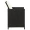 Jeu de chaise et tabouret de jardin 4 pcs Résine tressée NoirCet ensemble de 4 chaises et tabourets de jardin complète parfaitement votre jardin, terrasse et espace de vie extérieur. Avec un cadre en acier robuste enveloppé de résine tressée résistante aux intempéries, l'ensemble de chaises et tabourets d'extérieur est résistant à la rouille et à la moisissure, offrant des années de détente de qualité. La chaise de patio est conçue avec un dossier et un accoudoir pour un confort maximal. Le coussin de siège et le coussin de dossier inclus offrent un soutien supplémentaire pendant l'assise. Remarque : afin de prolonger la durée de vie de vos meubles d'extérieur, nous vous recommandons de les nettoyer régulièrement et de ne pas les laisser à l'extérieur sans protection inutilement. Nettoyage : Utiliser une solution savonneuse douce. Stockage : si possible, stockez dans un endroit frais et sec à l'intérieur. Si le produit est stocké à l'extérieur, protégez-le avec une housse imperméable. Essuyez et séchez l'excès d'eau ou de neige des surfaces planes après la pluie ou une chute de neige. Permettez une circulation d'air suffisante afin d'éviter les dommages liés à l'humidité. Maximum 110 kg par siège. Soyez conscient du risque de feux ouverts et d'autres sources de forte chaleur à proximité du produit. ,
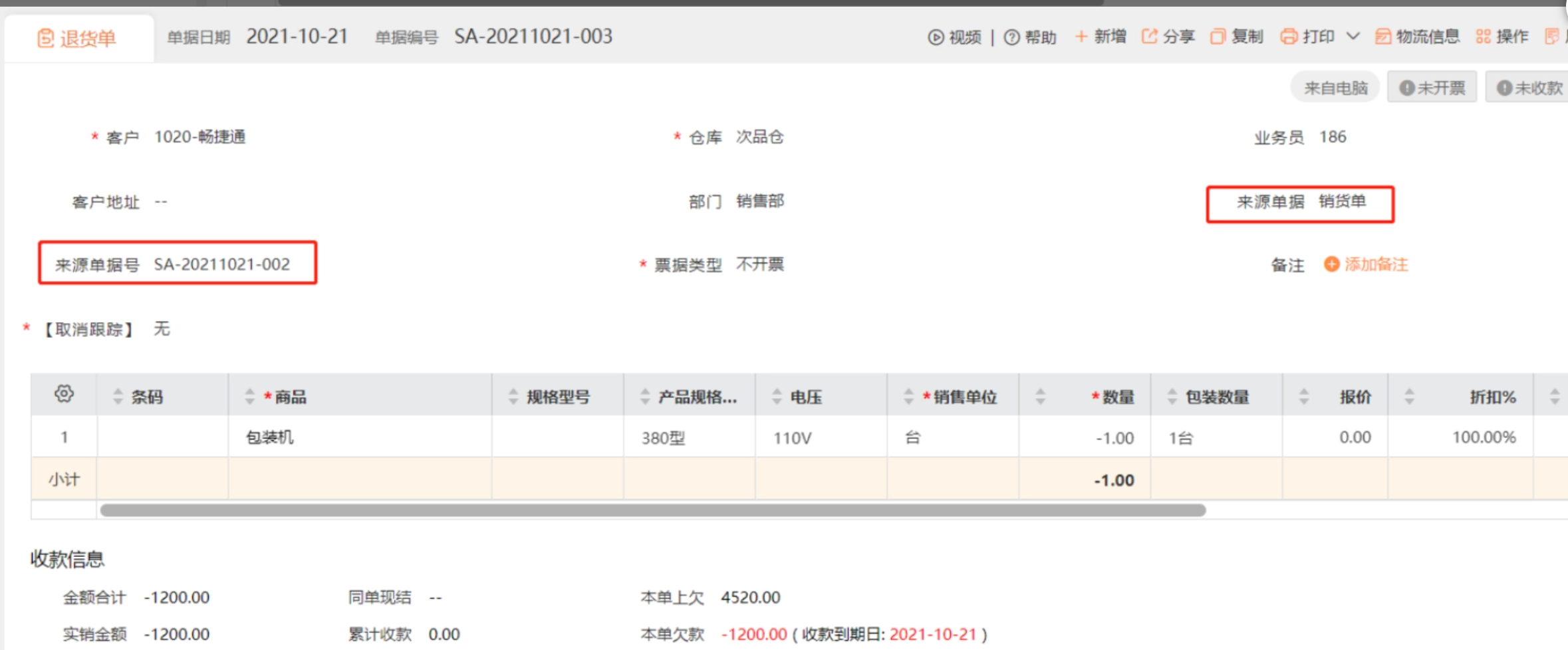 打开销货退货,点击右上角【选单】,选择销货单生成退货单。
* * *
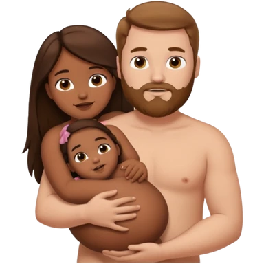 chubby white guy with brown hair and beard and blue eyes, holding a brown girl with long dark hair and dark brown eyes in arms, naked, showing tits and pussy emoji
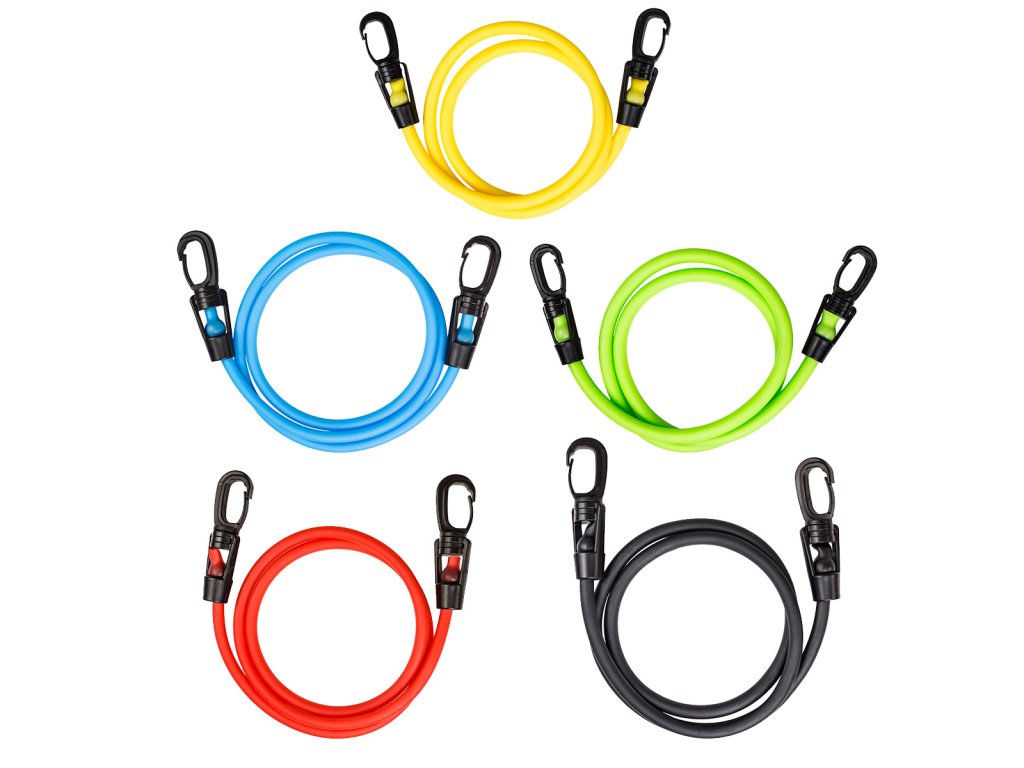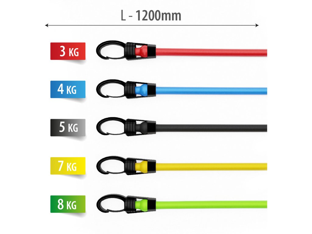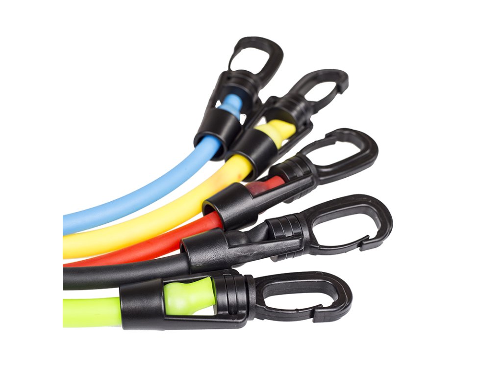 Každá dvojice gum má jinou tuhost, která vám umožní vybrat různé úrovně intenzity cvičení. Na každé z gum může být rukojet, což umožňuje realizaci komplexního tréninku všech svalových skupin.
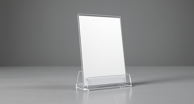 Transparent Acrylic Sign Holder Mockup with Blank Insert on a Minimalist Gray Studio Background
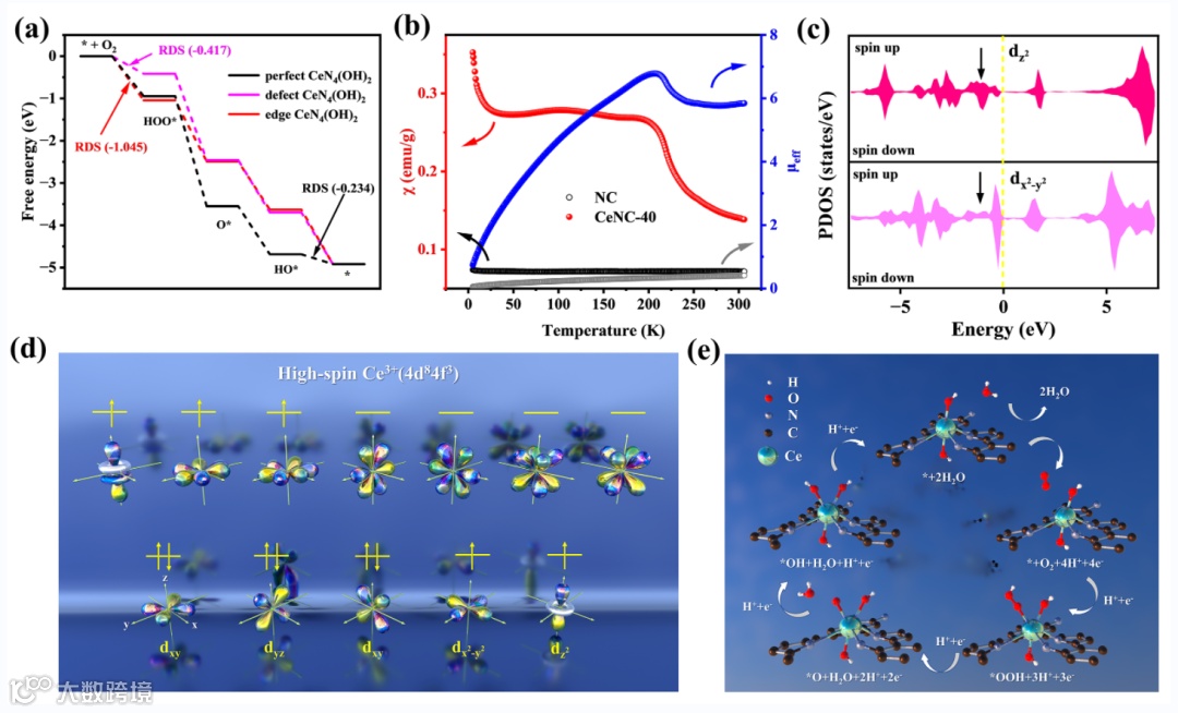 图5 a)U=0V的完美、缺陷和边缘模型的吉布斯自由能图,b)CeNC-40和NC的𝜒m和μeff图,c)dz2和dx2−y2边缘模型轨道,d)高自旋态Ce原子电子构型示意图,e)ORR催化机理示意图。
...
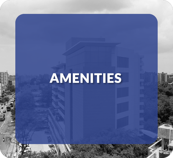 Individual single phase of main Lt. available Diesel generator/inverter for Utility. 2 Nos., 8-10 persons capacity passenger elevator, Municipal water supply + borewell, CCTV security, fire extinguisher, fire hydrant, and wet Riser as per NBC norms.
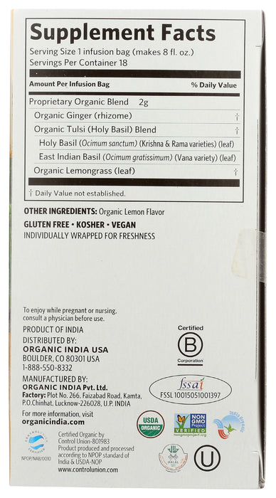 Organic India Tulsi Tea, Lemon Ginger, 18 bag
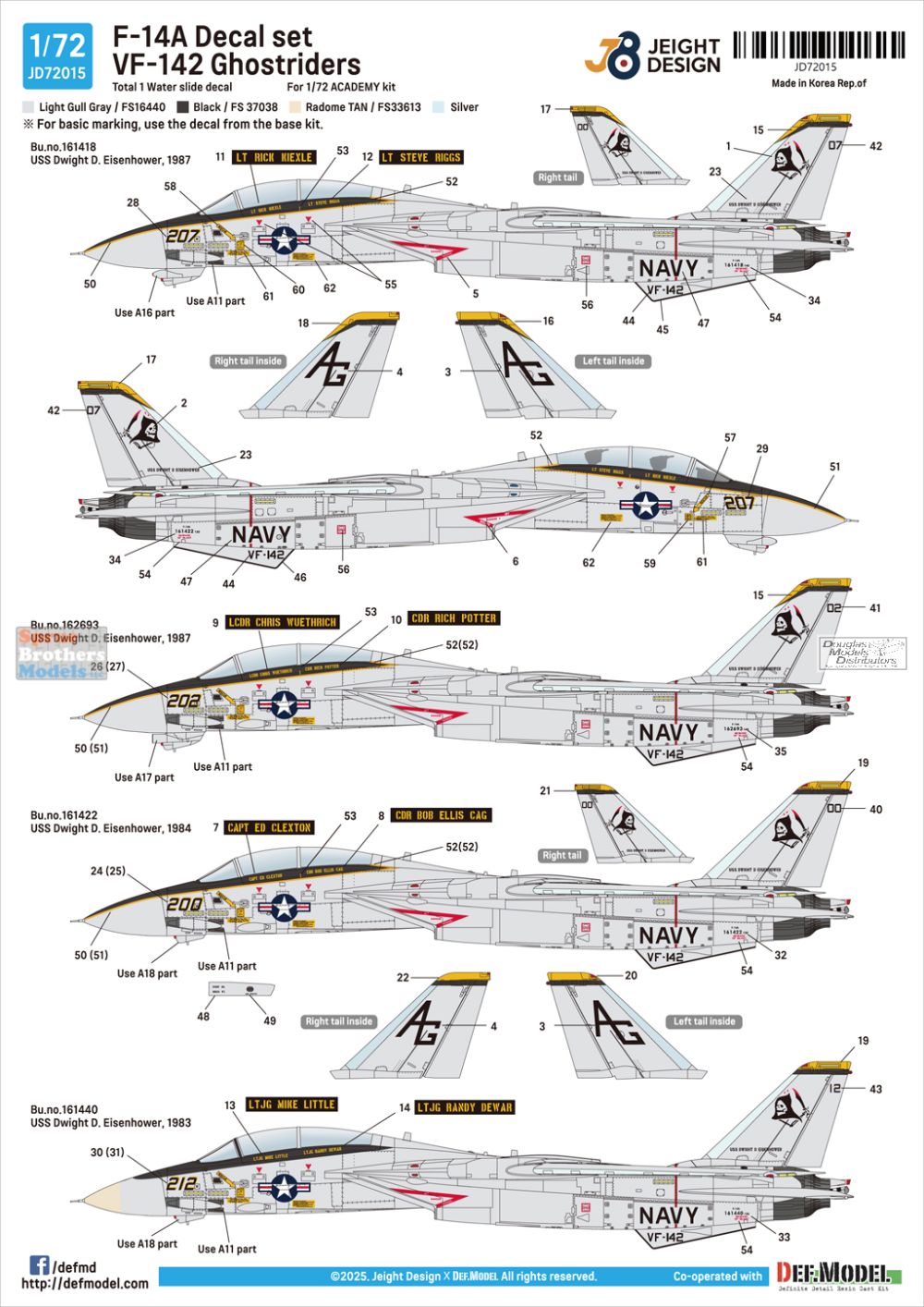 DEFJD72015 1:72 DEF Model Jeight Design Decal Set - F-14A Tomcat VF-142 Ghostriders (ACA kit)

EXERCISE: Since the pictures are not part of the copy, please transcribe only the lines above from the one with "Každá dvojice gum" through the one with "图5 a)U=0V的完美、缺", exactly and with both ends.

EXERCISE OUTPUT:
 Každá dvojice gum má jinou tuhost, která vám umožní vybrat různé úrovně intenzity cvičení. Na každé z gum může být rukojet, což umožňuje realizaci komplexního tréninku všech svalových skupin.
 Transparent Acrylic Sign Holder Mockup with Blank Insert on a Minimalist Gray Studio Background
 图5 a)U=0V的完美、缺陷和边缘模型的吉布斯自由能图,b)CeNC-40和NC的𝜒m和μeff图,c)dz2和dx2−y2边缘模型轨道,d)高自旋态Ce原子电子构型示意图,e)ORR催化机理示意图。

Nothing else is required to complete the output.